They have had our deed in hand from the closing company as of 4 weeks ago. CSR said it will close "in a couple of weeks." No explanation given for the delay. 

This would not be so painful if this transaction had not started 6.5+ months ago! (Crickets from my broker on trying to assist)


----------



## pacman777 (Mar 28, 2018)

CalGalTraveler said:


> They have had our deed in hand from the closing company as of 4 weeks ago. CSR said it will close "in a couple of weeks." No explanation given for the delay.
> 
> This would not be so painful if this transaction had not started 6.5+ months ago! (Crickets from my broker on trying to assist)



I had called and talked to Vistana title dept about some purchases and they said they were running 4 weeks behind of when they receive the paperwork from the title company. Must be a lot of transactions happening around year end.


----------



## Seagila (Mar 28, 2018)

CalGalTraveler said:


> They have had our deed in hand from the closing company as of 4 weeks ago. CSR said it will close "in a couple of weeks." No explanation given for the delay.



A recent WKV week I purchased was recorded with the county on 02/22/18. It showed up online on my Vistana account on 03/26/18. Not sure if that timeline is typical these days, but hopefully your new week shows up in your account soon.


----------



## CalGalTraveler (Mar 29, 2018)

WooHoo!  Received notice that the account has been transferred (31 days) but when I tried to link to a Vistana online account we set up to speed access, it did not link. The CSR said it should take another week to be entered into the system. Do they set up a duplicate online account at that time?

FWIW...The CSR used the word "unauthorized account" to denote that we were resell buyers - he said that's their internal term for all resale buyers...certainly not a very friendly welcome to Vistana system given it is the "unauthorized accounts" that pay the same hefty annual maintenance fees, and keep their resorts solvent when owners bail.

But no matter what they call us, I will simply smile all the way to the bank knowing that we saved tens of thousands on the purchase price for the same beautiful resort.


----------



## dioxide45 (Mar 29, 2018)

CalGalTraveler said:


> WooHoo!  Received notice that the account has been transferred (31 days) but when I tried to link to a Vistana online account we set up to speed access, it did not link.
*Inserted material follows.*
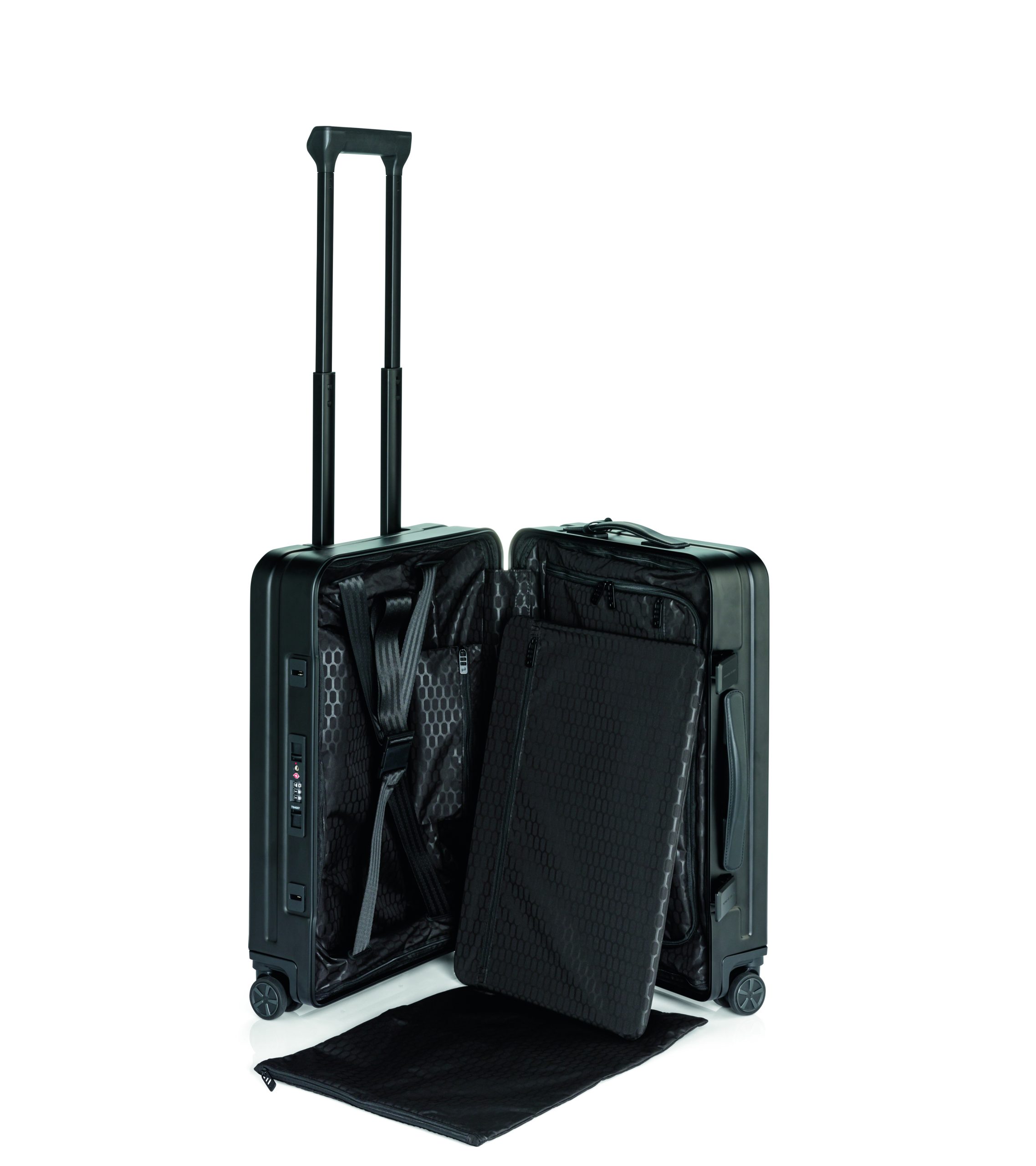 Just as the Targa concept redefined the driving experience of Porsche, the new suitcase by Porsche Design aims to set new standards in the world of travel luggage. The Roadster Aluminum features a stabilizing frame. Inspired by the manufacturing process of a car body, the front and back panels of the trolley are stamped and then attached to the frame. This gives the luggage a clean and modern design without visible rivets or traditional corner joints.
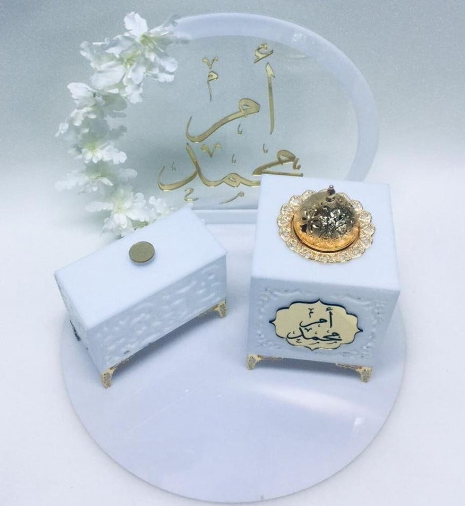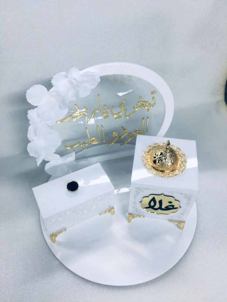 يمكن تنفيذ اي لون تطلبينه امكانيه التغير و كتابة اي عباره او اسم على المبخره والطاقم او اي شي حابه تضيفينه

The CSR said it should take another week to be entered into the system. Do they set up a duplicate online account at that time?
> 
> FWIW...The CSR used the word "unauthorized account" to denote that we were resell buyers - he said that's their internal term for all resale buyers...certainly not a very friendly welcome to Vistana system given it is the "unauthorized accounts" that pay the same hefty annual maintenance fees, and keep their resorts solvent.
> 
> But no matter what they call us, I will simply smile all the way to the bank knowing that we saved tens of thousands on the purchase price.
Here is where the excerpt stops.